[Information given Boundary: Start]

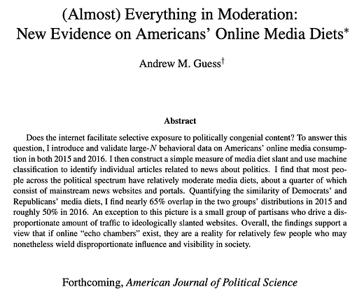 My paper "(Almost) Everything in Moderation: New Evidence on Americans' Online Media Diets" is forthcoming at AJPS🥳. I use surveys and web visit data + a machine classifier to study online news consumption in 2015-2016. Get ready for a THREAD!
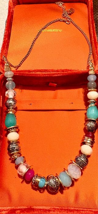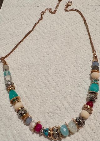 Collar con colgante de piedras de colores y detalles dorados. - Diseño con variedad de cuentas. - Cadena con cierre de mosquetón.
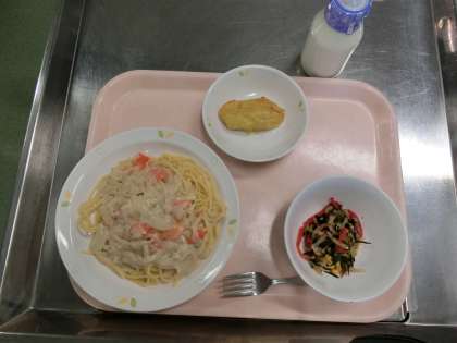 スパゲティークリームソース 牛乳 大根とひじきのサラダ
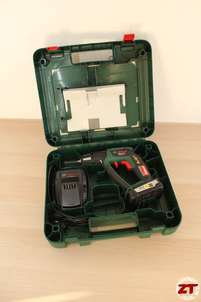 On retrouve évidemment la visseuse avec sa batterie, le chargeur ainsi que la notice d’utilisation :
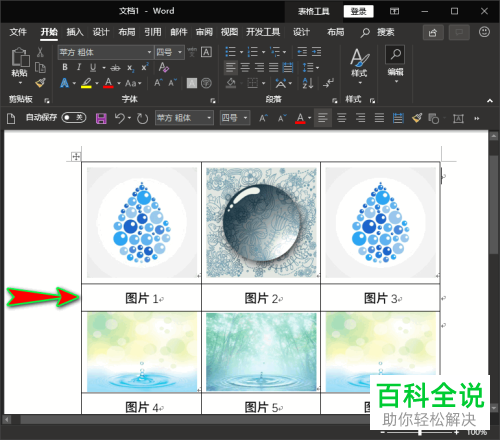5. 接下来我们的表格已经设置完成了,然后我们就可以将我们需要排版的图片插入到表格中了。我们还可以在表格的下方给我们的图片命名。并且可以发现我们的表格会随着图片的大小进行调节。
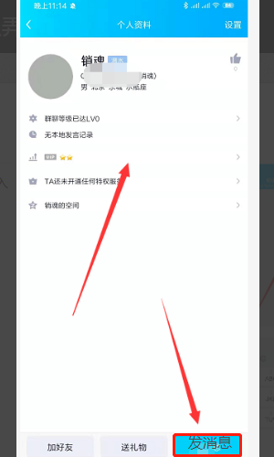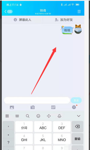 7、如果对方没有设置屏蔽临时会话,就会进入到与对方的聊天界面中,然后发送文件或者聊天就可以了。
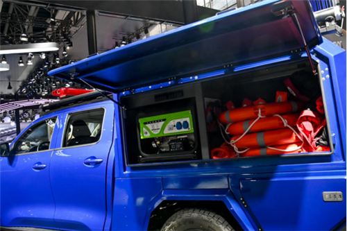 救援炮基于长城炮商用皮卡改装,货箱部分更改为救援移动仓,配备发电机、救生圈、破拆机、医疗箱、担架、氧气罐等专业救援装备;整车配备车载电台、远距离伸缩天线(中继天线)、攀爬梯等救援设备。
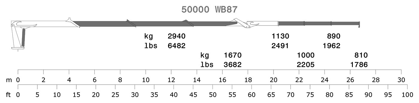 | Гідравлічний виліт | 26700 mm | 87'7'' |
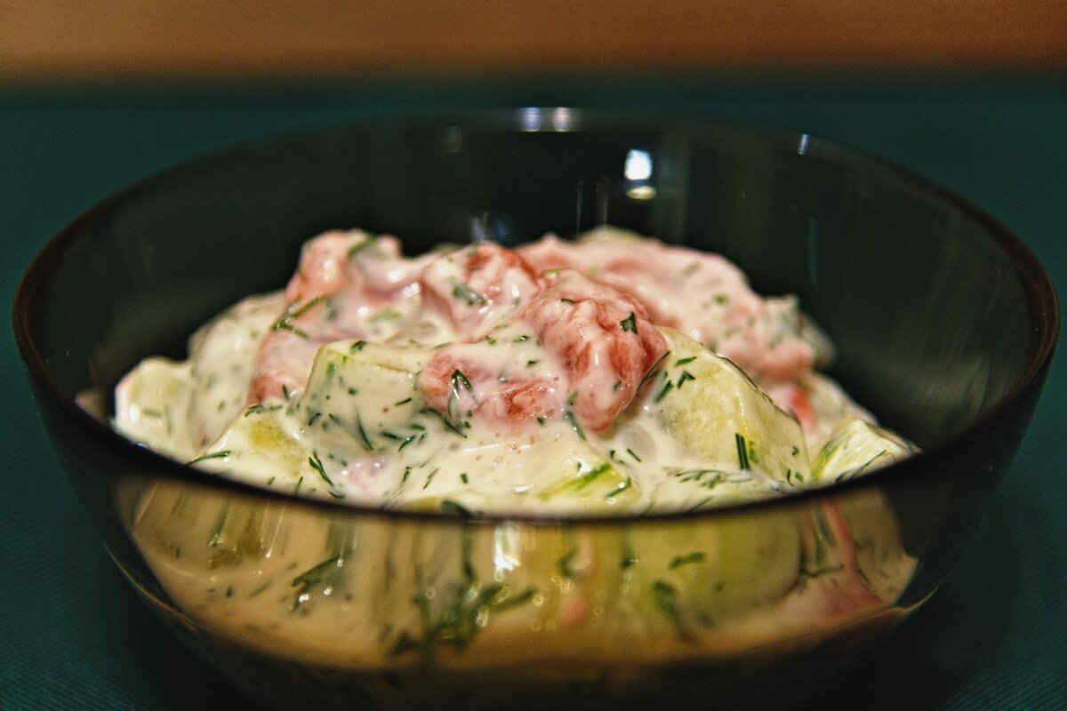 Ингредиенты: Огурцы помойте, почистите, удалите сердцевину с семенами и нарежьте на маленькие кусочки. Укроп помойте, оборвите веточки и тонко нарубите. Рыбу разберите на отдельные ломтики и нарежьте их узкими ленточками. Приготовьте заправку: соедините в отдельной емкости сметану, простоквашу, укроп, соль и перец, сахар и хорошо перемешайте. Соедините в салатнике огурцы, нарезанную рыбу, заправку, перемешайте и поставьте в холодильник на час. Салат готов! Приятного аппетита! Если Вам понравилась статья, Вы можете поставить «лайк» и подписаться на мой канал. Спасибо!

[Information given Boundary: End]

**Task directions**
Please write out exactly the lines starting at the one that contains "救援炮基于长城炮商用皮卡改装" and ending with the final line of the entries, both ends included. Do not write out any pictures.

**Written answer**
 救援炮基于长城炮商用皮卡改装,货箱部分更改为救援移动仓,配备发电机、救生圈、破拆机、医疗箱、担架、氧气罐等专业救援装备;整车配备车载电台、远距离伸缩天线(中继天线)、攀爬梯等救援设备。
 | Гідравлічний виліт | 26700 mm | 87'7'' |
 Ингредиенты: Огурцы помойте, почистите, удалите сердцевину с семенами и нарежьте на маленькие кусочки. Укроп помойте, оборвите веточки и тонко нарубите. Рыбу разберите на отдельные ломтики и нарежьте их узкими ленточками. Приготовьте заправку: соедините в отдельной емкости сметану, простоквашу, укроп, соль и перец, сахар и хорошо перемешайте. Соедините в салатнике огурцы, нарезанную рыбу, заправку, перемешайте и поставьте в холодильник на час. Салат готов! Приятного аппетита! Если Вам понравилась статья, Вы можете поставить «лайк» и подписаться на мой канал. Спасибо!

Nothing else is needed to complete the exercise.